4. The caveator does not ask for, and does not want, probate of the will which she says was executed by the deceased in January 1946; all she desires is the opportunity of establishing by proof of the genuineness of that will that the will propounded by the petitioner is not the last will of the testator. The latter was, as I have said, a Hindu; the will relied upon by the caveator was made at Dehra Dun in the United Provinces, and it is admitted that it is not such a will as falls within one of the classes specified in Clauses (a) and (b) of Section 57, Succession Act. It is not therefore obligatory under Section 213 of that Act for probate of the will to be obtained before an executor or, a legatee can establish his right under the will, see Kanhaiya Lal v. Munni ('96) 18 All. 260, and it is consequently urged that there is no good reason why the caveator should be obliged to obtain probate as a preliminary step to opposing the issue of a grant of probate to the petitioner.
5. The petitioner relies upon the case in Venidas Nenidasf nemchand v. Bai Champavati ('29) 53 Bom. 829. In that case it was held by the Bombay High Court - I am citing the head note that if, on a petition for probate, the caveator sets up another will of the testator, it is obligatory upon him to file a separate petition to propound the will set up by him.
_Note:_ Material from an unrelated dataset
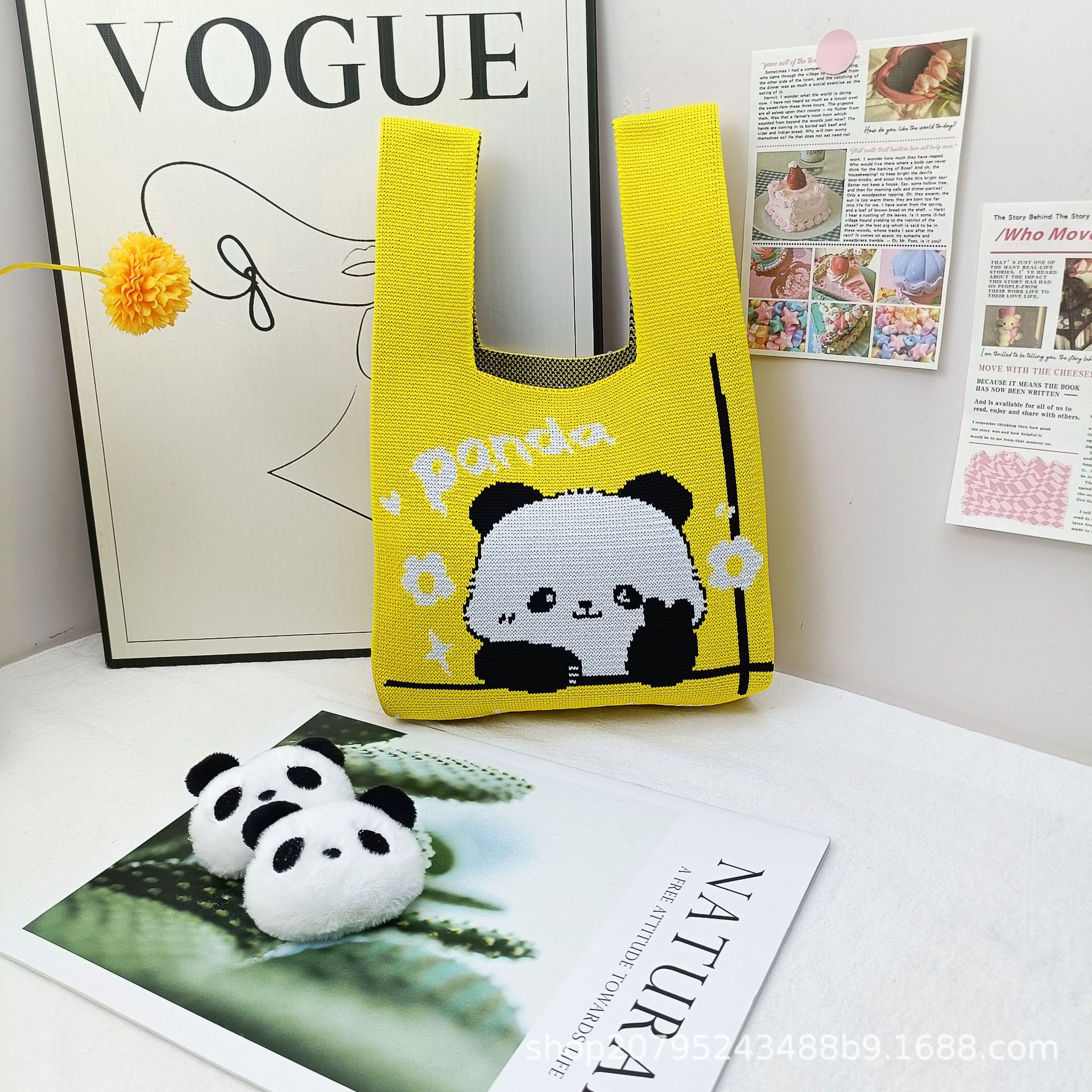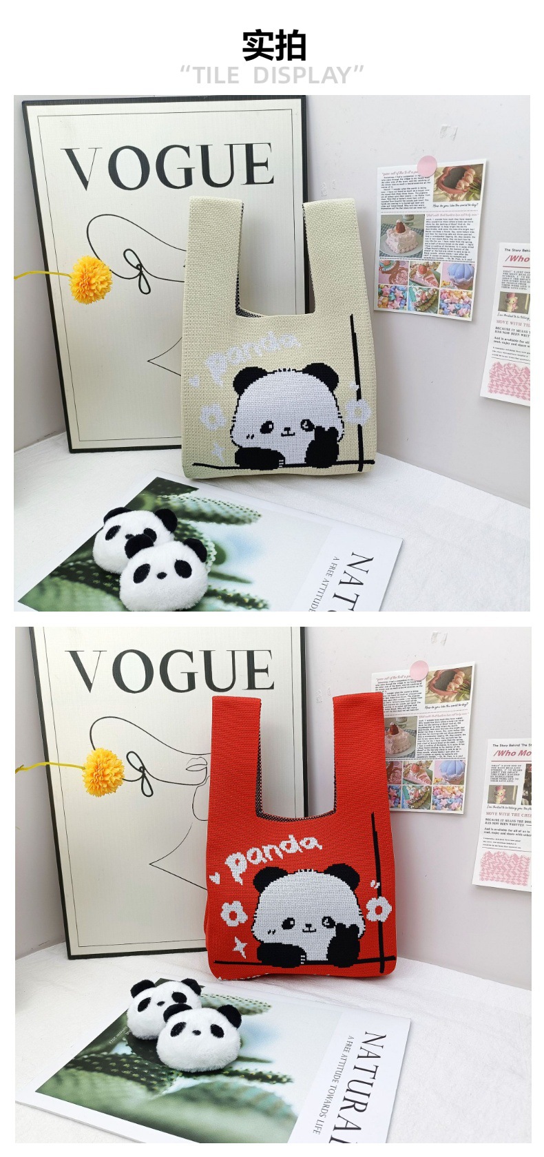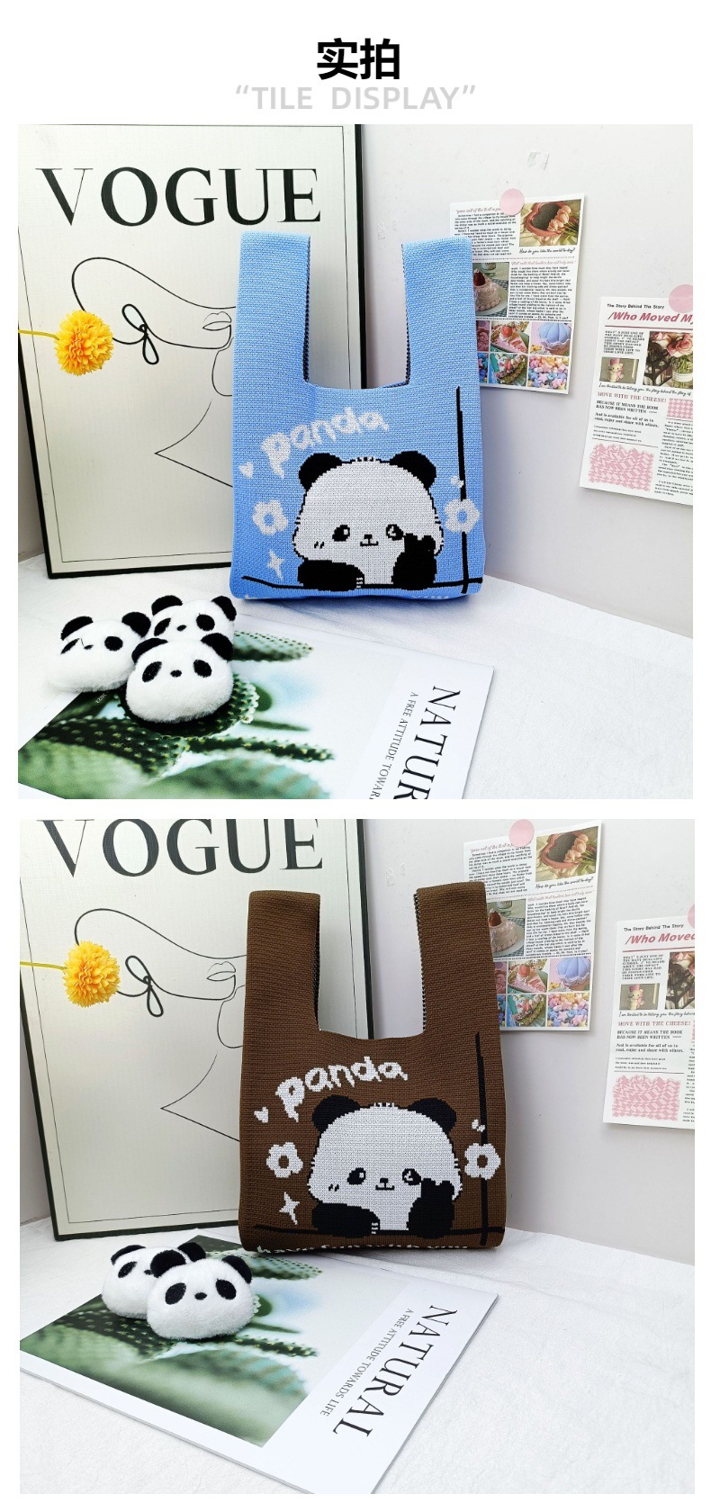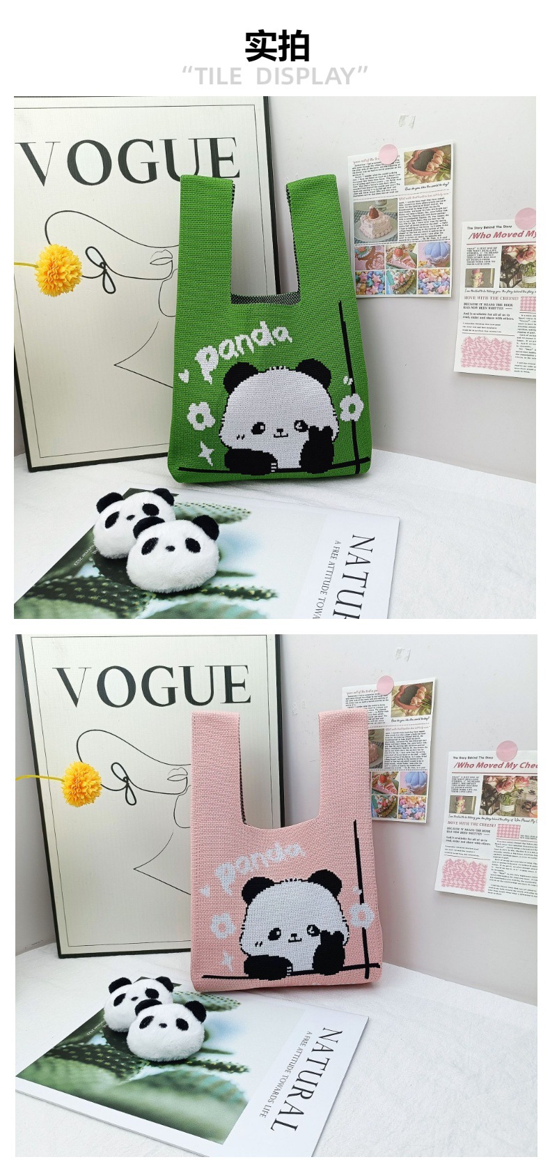재고 있음 도매 귀여운 다용도 선물 가방 해피 팬더 니트 가방 인기 공장 핸드백 조끼 조끼 가방스토어 가기

At first sight this case decision is authority for the proposition relied on by the petitioner, but on closer examination it will, I think, be found that the case is distinguishable from that which I now have to consider. In Venidas Nenidasf nemchand v. Bai Champavati ('29) 53 Bom. 829 probate was sought of the last will of one Venmali Virji said to have been made by the deceased testator on 14-4-1925. As in the present case a caveat was filed by the widow of the deceased alleging that the will annexed to the petition was not the last will and testament of her deceased husband, inasmuch as it had been superseded by a later will which he had executed on 23-12-1926. On the petition coming on for hearing four issues were raised, the second and third of which were as follows:
(2) Whether the writing dated 23-12-1926, Ex. 1, to the defendant's affidavit is the last genuine will of the deceased?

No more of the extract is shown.